I think that religion really provides a lot of this stuff. This structure is there, and it’s different from the faith tradition. I’ll speak specifically here about being Orthodox. There’s a way in which I feel that in my environment we talk about meaning and we talk about our faith tradition and we talk about God a lot. But there’s also this way in which we don’t compare to what people might think. If somebody just swooped down into my life, they might be surprised at how they would have maybe expected God to come up a lot more than he does.
But what they would see is the fact that I see all of my neighbors with great frequency. I see them at synagogue. I see them when someone in our community dies. I see them when babies are born. We have these rituals that connect us very tightly to one another. I think that is a lot of what people are missing. I think that there’s a lot of sadness and frustration at modern life that people interpret as something that’s happening specifically inside their own minds, not happening as a result of structural problems.
I must have midlife ADHD. No, that must be because your computer is eating away at your attention span, and also because we haven’t prepared people for the natural progression of what it means to be a human moving through life and reaching a stage where your brain is not going to feel the way that it did when it was 20. Or I feel anxious about the state of the world. I have an anxiety disorder.

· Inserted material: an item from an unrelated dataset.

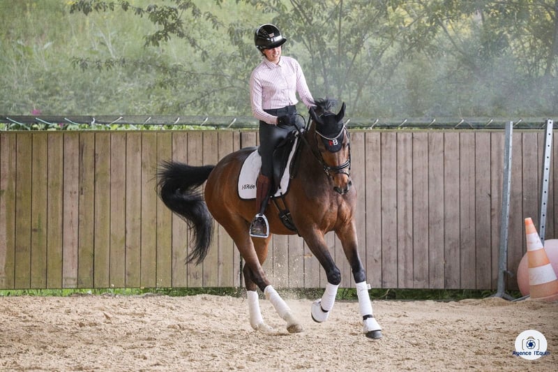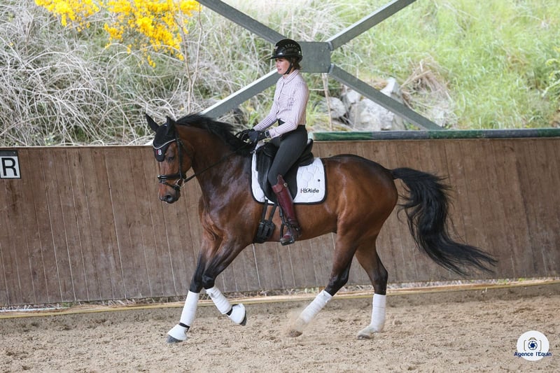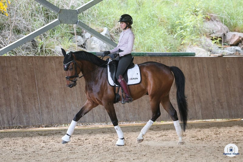 Cheval dressé niveau jeune cavalier, début St Georges, facile à monter Changements de pied rapprochés acquis 4 et 3 temps. Début des 2 temps Adorable aux soins et très attachant Très bonne visite vétérinaire, cheval très sain dans ses membres
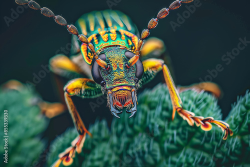 © Iuliia, Fototapeta premium Vibrant macro shot iridescent beetle close up in jungle setting, gazing at camera

Maybe it’s because your brain is not supposed to be processing news from all over the globe every single second of the day. I do think that religion puts a lot of guardrails around these things and really can hold the human being.

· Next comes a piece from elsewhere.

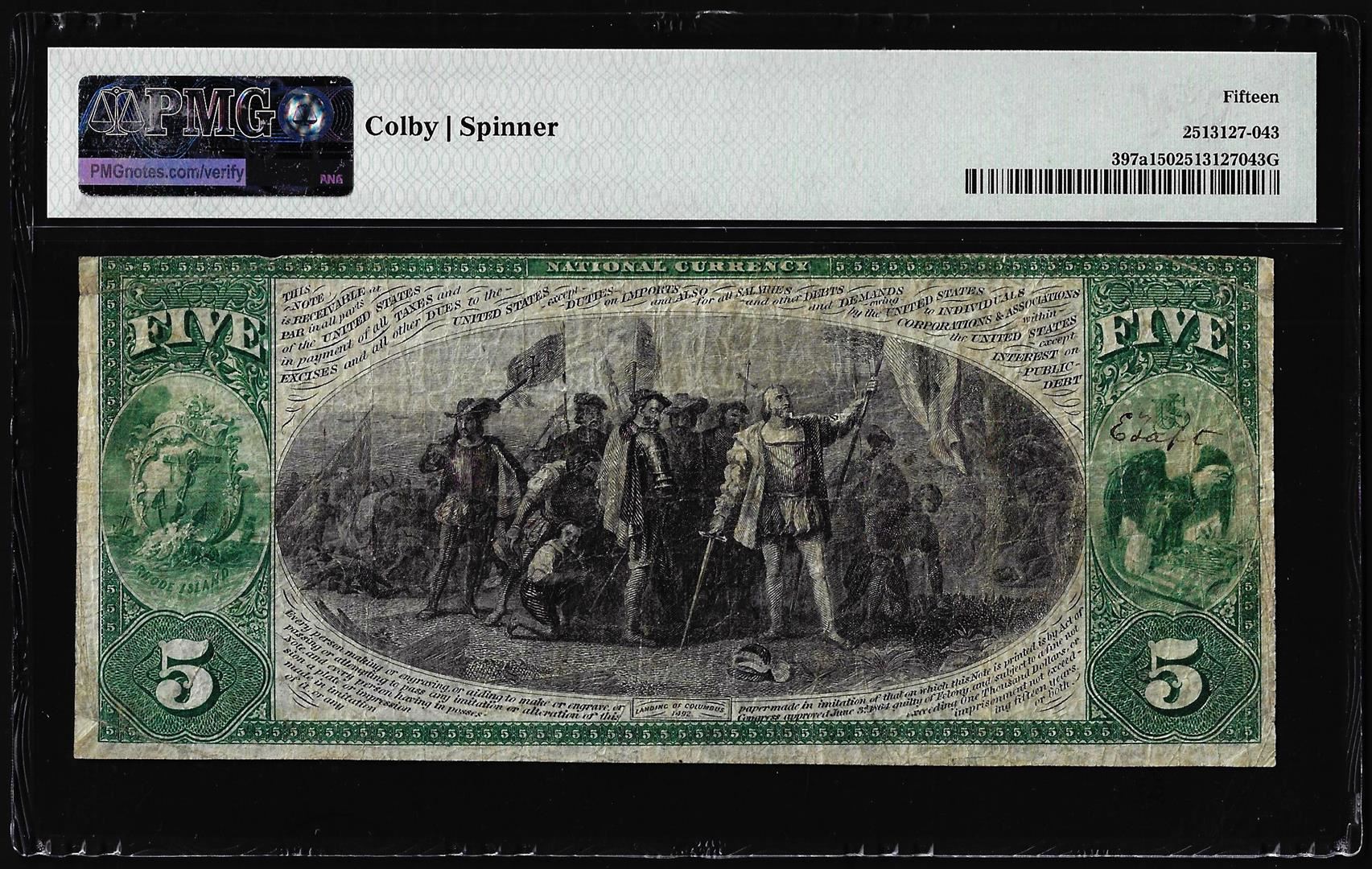 One Original Series $5 The National Globe Bank of Woonsocket, Rhode Island Fr.397a CH# 1423 National Note PMG Choice Fine 15. PMG Certified.

I think that there’s a lot of discussion about what is something else that could do that? Does it have to be a religion? I participated in a lot of these discussions because, since the book came out, there was a lot of data that showed that maybe religion was reentering the public square in a way that people weren’t anticipating.
If I can go back to what I said before about Gary Greenberg’s narrative. When he says to pick a story and pick the right one or pick the hopeful one, right? To me, picking religion felt like the more hopeful belief, and I know that that sounds probably a little crazy to people for a lot of reasons. But I saw in religion’s conception of what the human being is, which is like endlessly downtrodden but also endlessly resilient and able to repent and be better and try harder. That looked so much more hopeful to me than what I had been told about my brain as this broken machine. I felt that if I’m going to pick between these two stories, I’m going to pick the one that’s like thousands of years of trying harder and getting up in the morning and doing better. That to me just felt like the no-brainer choice.

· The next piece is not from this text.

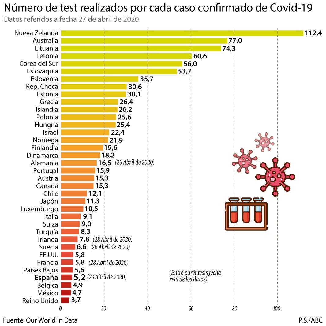 El Gobierno ha tratado esta semana de sacar pecho por la cantidad de test de coronavirus realizados, saliendo al paso de las críticas por su escasez. Primero destacó que España era octava en el ranking de la OCDE en test por cada mil habitantes –aunque tras la revisión de los datos quedó relegada al número 17– y luego el presidente del Ejecutivo, Pedro Sánchez, añadió que se situaba como quinta del mundo en número total de pruebas, según un supuesto estudio de la Universidad Johns Hopkins que, como informó este viernes ABC, hasta ahora no ha aparecido.

Siem: I would really encourage anybody who has even a passing curiosity about getting a little bit more involved with religion beyond just spirituality to read Godstruck. You outline seven different women’s journeys to religious conversion, and at the same time, you give a history of seven different religions. I felt so enriched just to learn more about Quakerism, Islam and the Amish.
So, thank you so much, Kelsey. Just in the last couple of minutes, can you tell us where we can find you and if there’s anything you’d like to ask or leave with the audience?
Osgood: I’m Googleable and I have a website. I don’t have any social media. If the spirit moves you, so to speak, you can email me through my website. In terms of leaving something with the audience, I don’t know. I think that those of us who have been questioning these paradigms for a long time, I think it can feel easy to feel discouraged. I know I feel discouraged a lot because I feel that it’s really the default mode for understanding a lot of our lives these days. But I do think that things are shifting, and there’s room to reevaluate, and we should stay hopeful in that respect.